Le prix du gramme par voie de conséquence de cette hausse de la consommation a été divisé par deux depuis les années 1990. Il se situe en moyenne autour de 60 euros mais on peut la trouver moitié moins cher en « deal de rue » [5].

3. Caractéristiques du consommateur

Les profils d’usagers de cocaïne sont devenus avec la généralisation de la diffusion, de plus en plus hétérogènes.
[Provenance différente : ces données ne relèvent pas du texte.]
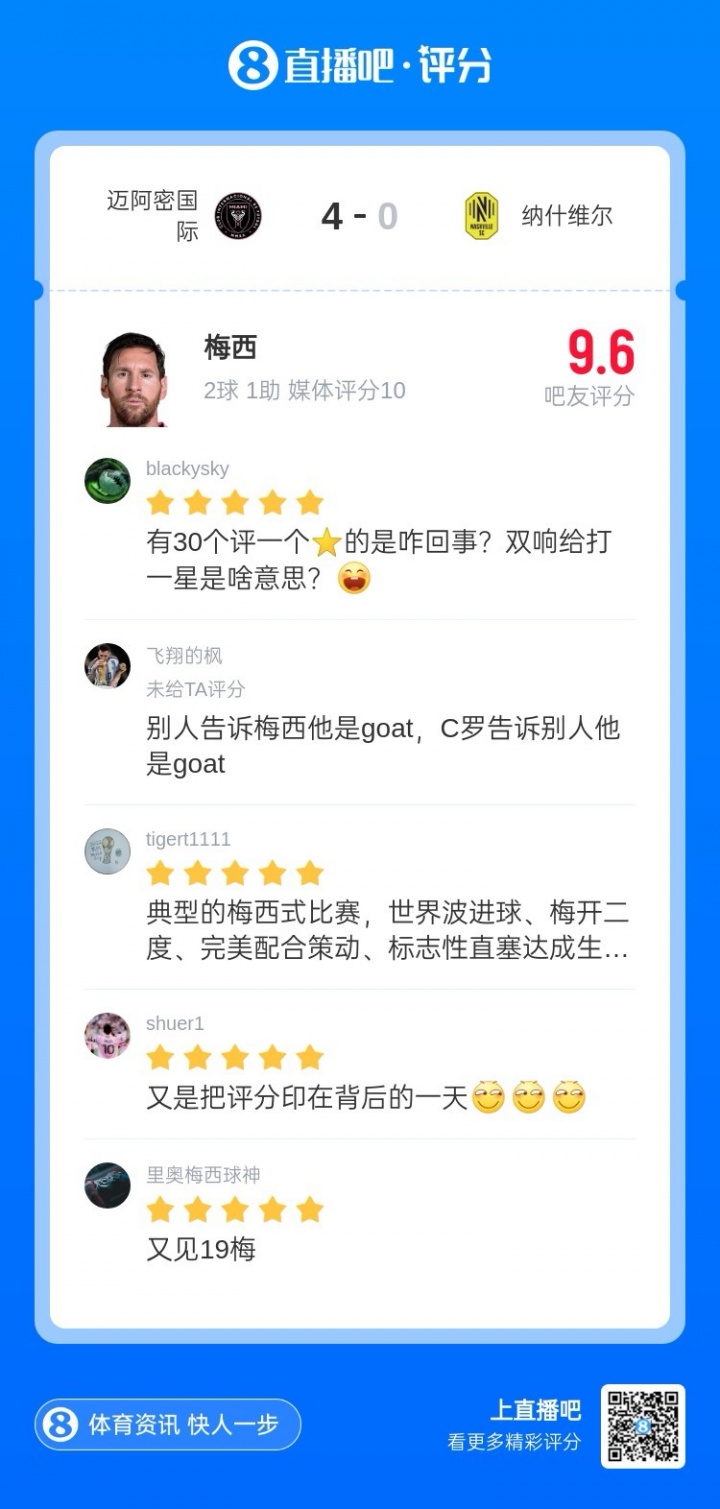 逾越3600名吧友给梅西评分,现在评分为9.6,94.5%五星,4.9%一星。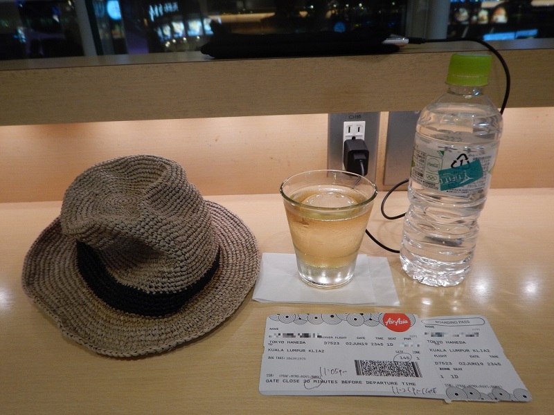 羽田空港から海外に向けて深夜に出発する際、時間調整と寝酒で利用しています。ビールやワイン、ウイスキーなどが提供されています。私のお気に入りは、竹鶴のロック(ダブル)です。おつまみはナッツなどを買うことができますが、コンビニなどでチーズ等を前もって買っておくといいかもしれません。近くのカウンターには充電コーナーがありますが、利用者が多いので席が空いていないこともあります。冷水とお湯は近くに無料のサーバーがあります。
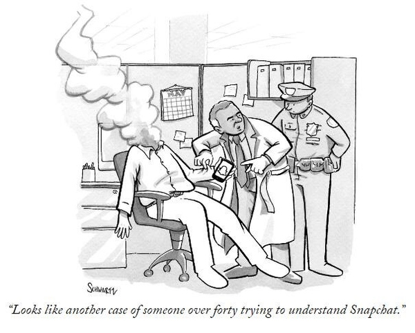 2016年,《纽约客》刊载过这样一幅漫画:一位头颅爆炸化作青烟、身材明显开始走形的男子,手中紧紧攥着的手机上,Snapchat的幽灵ICON清晰可见。在他的身边,面对警员的质询,验尸官直截了当地给出了结论: “看起来,又是一桩40多岁的中年佬试图了解Snapchat而酿成的惨案。”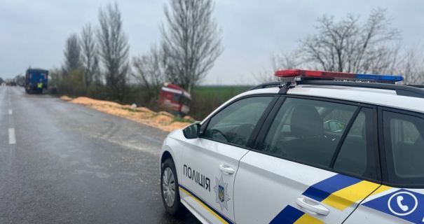 Вантажівка зазнала механічних пошкоджень, а зерно висипалося на дорогу та узбіччя. Винуватцю ДТП загрожує до трьох років обмеження волі. Наразі поліцейські встановлюють усі обставини аварії.

Il y a de ce fait plusieurs types de consommateurs qui se dégagent.

La consommation de cocaïne est très majoritairement un phénomène masculin [6]. En 2005, parmi la population française âgée de 15 à 34 ans, la proportion de ceux qui en consomment est plus du double pour les hommes que pour les femmes (4,9 vs 2,1% pour l’usage dans la vie et 1,7 vs 0,7% pour l’usage dans l’année).
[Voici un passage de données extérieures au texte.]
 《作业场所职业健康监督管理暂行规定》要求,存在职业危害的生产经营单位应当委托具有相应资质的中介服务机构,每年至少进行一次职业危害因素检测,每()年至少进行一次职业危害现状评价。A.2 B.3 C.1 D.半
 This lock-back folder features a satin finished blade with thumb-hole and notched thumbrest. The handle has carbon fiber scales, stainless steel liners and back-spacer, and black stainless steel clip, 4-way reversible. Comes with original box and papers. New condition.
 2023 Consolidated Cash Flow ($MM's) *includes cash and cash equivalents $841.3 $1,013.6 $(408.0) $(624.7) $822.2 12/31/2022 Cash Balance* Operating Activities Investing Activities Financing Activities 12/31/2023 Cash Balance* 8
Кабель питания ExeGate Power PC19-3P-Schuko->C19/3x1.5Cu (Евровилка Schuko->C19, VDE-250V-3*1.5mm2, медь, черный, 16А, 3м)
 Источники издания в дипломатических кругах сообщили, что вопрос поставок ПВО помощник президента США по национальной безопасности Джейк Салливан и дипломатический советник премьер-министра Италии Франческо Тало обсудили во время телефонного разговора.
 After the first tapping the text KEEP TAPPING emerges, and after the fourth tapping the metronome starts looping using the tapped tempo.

La consommation de cocaïne est principalement rencontrée chez les adolescents et surtout les jeunes adultes. Contrairement au cannabis qui culmine entre 15 et 24 ans, c’est la tranche 25-34 ans qui apparaît la plus concernée. Pour la tranche des 17-18 ans, la cocaïne se situe à la cinquième place dans l’ordre des produits illicites consommés au moins une fois dans l’année, loin derrière le cannabis (45,9%), mais aussi après le poppers (5,5%), les champignons hallucinogènes (3,7%) et l’ecstasy (3,5%). Elle se situe au même niveau que celle des amphétamines. A ces âges, ceux qui ont déjà expérimenté la cocaïne l’ont fait, en moyenne, à un peu plus de 16 ans, soit environ un an après l’âge moyen de la première ivresse et celui du premier joint [6,7]. Il existe de très fortes disparités entre les états membres de l’Union Européenne : le rapport entre les prévalences les plus basses et les plus hautes est de l’ordre de 1 à 15. Certains pays comme le Royaume-Uni ont atteint des niveaux de consommation comparables à ceux rencontrés aux Etats-Unis ou au Canada, globalement bien supérieurs à ceux relevés en Europe.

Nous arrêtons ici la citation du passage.